D. 48.8.11.2 (Modestinus, Rules, book 6). After the Lex Petronia [before 79 CE] and the Senatus Consulta relating to it, a master's power of consigning slaves to fight wild beasts on the basis of his own [domestic] judgement was taken away. But if the master's complaint is a just one and the slave has been brought before a judge, this penalty can be inflicted. [translation: Handouts]

Inst.Gai.L53.... By constitution of the late Antonius [Pius] it is provided that anyone who kills his own slave without cause is as much subject to the law as one who kills someone else's. Even excessive severity on the part of the masters is restrained by a constitution of the same emperor; on being consulted by some provincial governors about slaves who take refuge at temples of the gods or the statutes of emperors, he ruled that masters whose harshness is found to be unbearable are to be forced to sell their slaves. [translation: Handouts]

One should not take these two texts to mean that all Romans treated their slaves cruelly as a matter of course. Slaves could be valuable financial commodities and it is unlikely that they would be destroyed or damaged by their owners at will. Nonetheless, laws are not made without good reason and it must be assumed that there is something behind these texts.
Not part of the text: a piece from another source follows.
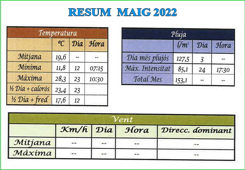 Resum climatològic Maig 2022 a Vinaròs
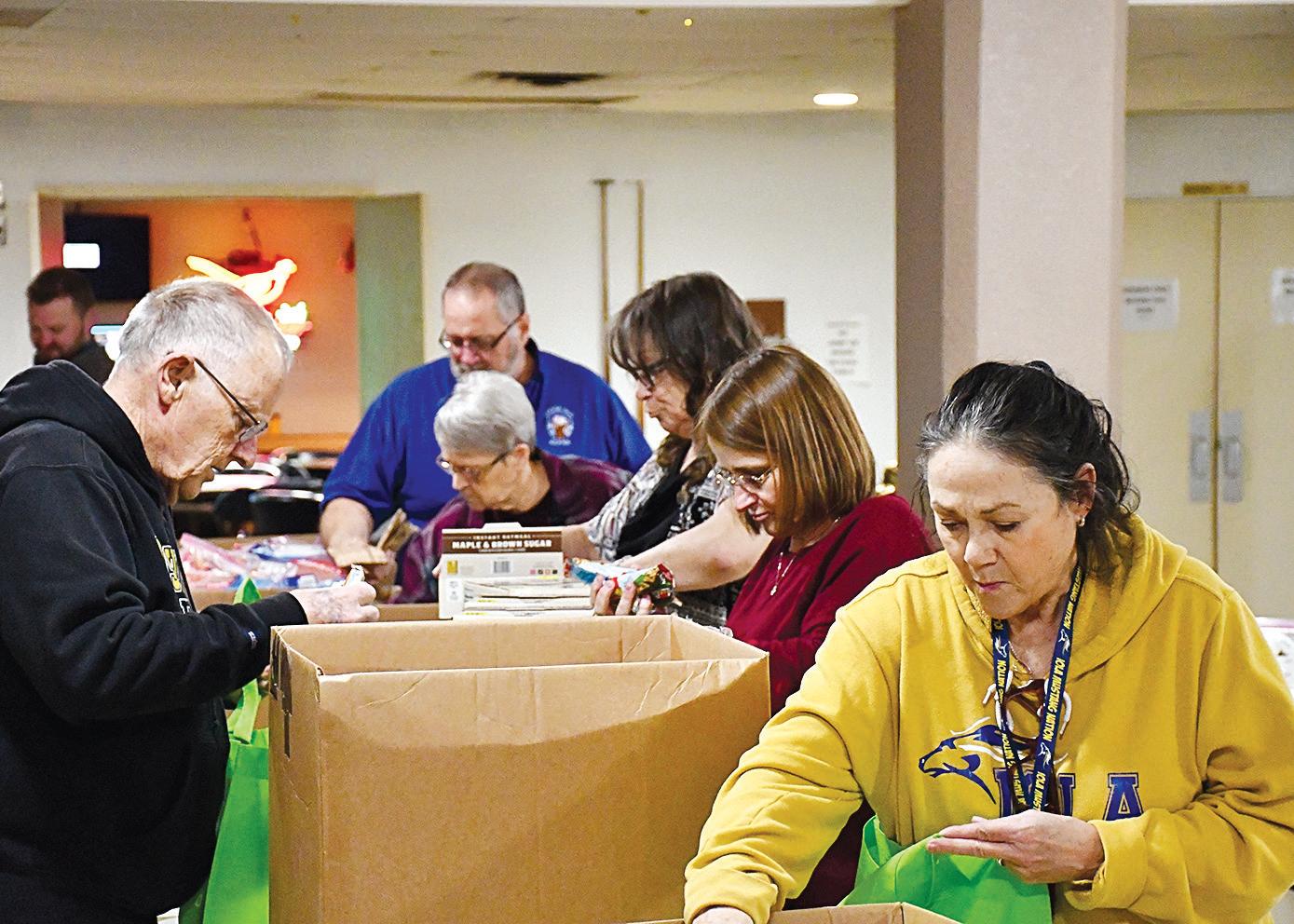 Iola Elks members fill bags with food to be handed out to students over the next several days

On the other side of the spectrum of statuses lay those people who had the full benefit of the Roman law of persons and family. Before 212 CE, access to Roman law was determined by Roman citizenship. There were a number of ways in which this could be acquired. The most common way was by birth from a valid Roman marriage (another through adoption). A birth of this kind automatically generated paternal authority, one of the cornerstones of the Roman law of persons and family. Gaius expresses it in the following manner:

Inst.Gai.L55. Children whom we beget in civil marriages are also in our power. This right is peculiar to Roman citizens for scarcely any other men have over their sons a power such as we have. The divine Hadrian declared as much in a rescript he issued on these who petitioned him for citizenship for themselves and their children. I am not forgetting that the Galatians regard children as being in the power of their parents. [translation: Handouts]

In this text we see a report of the imperial bureaucracy in action. The Emperor Hadrian had been petitioned by some [unknown] individuals regarding citizenship. In response, he (no doubt on advice from his legal counsel) articulated the notion that paternal authority is peculiar to Roman citizens. In a patriarchal society such as Rome, children born in wedlock took the status of the father. This was important for the purposes of the law of succession where the principle of agnatio (blood relationship through the male ancestor) played an important role (illegitimate children did not inherit to the same extent as legitimate children).

The head of the household had extensive rights over his children (and grandchildren). Chief among these, by virtue of his parental power, was to accept the child into the family. According to various statutes from the reign of Augustus, children had to be registered (every male Roman citizen had three names to denote his family affiliation) within thirty days in order to confirm their legitimacy, and it has been suggested that birth registers were kept (Schulz, Roman Law, 75).

The only other ways to acquire Roman citizenship were through formal manumission from slavery or the granting of citizenship en bloc to an entire community as a reward for their allegiance to Rome. Gaius expresses it in the following way:

Inst.Gai.I.11. The freeborn are those who are born free, freedmen are people who are manumitted from lawful slavery. Again, there are three classes of freedman: they are either Roman citizens or Latins or in the category of dediticil (those who have capitulated) [translation: Handouts]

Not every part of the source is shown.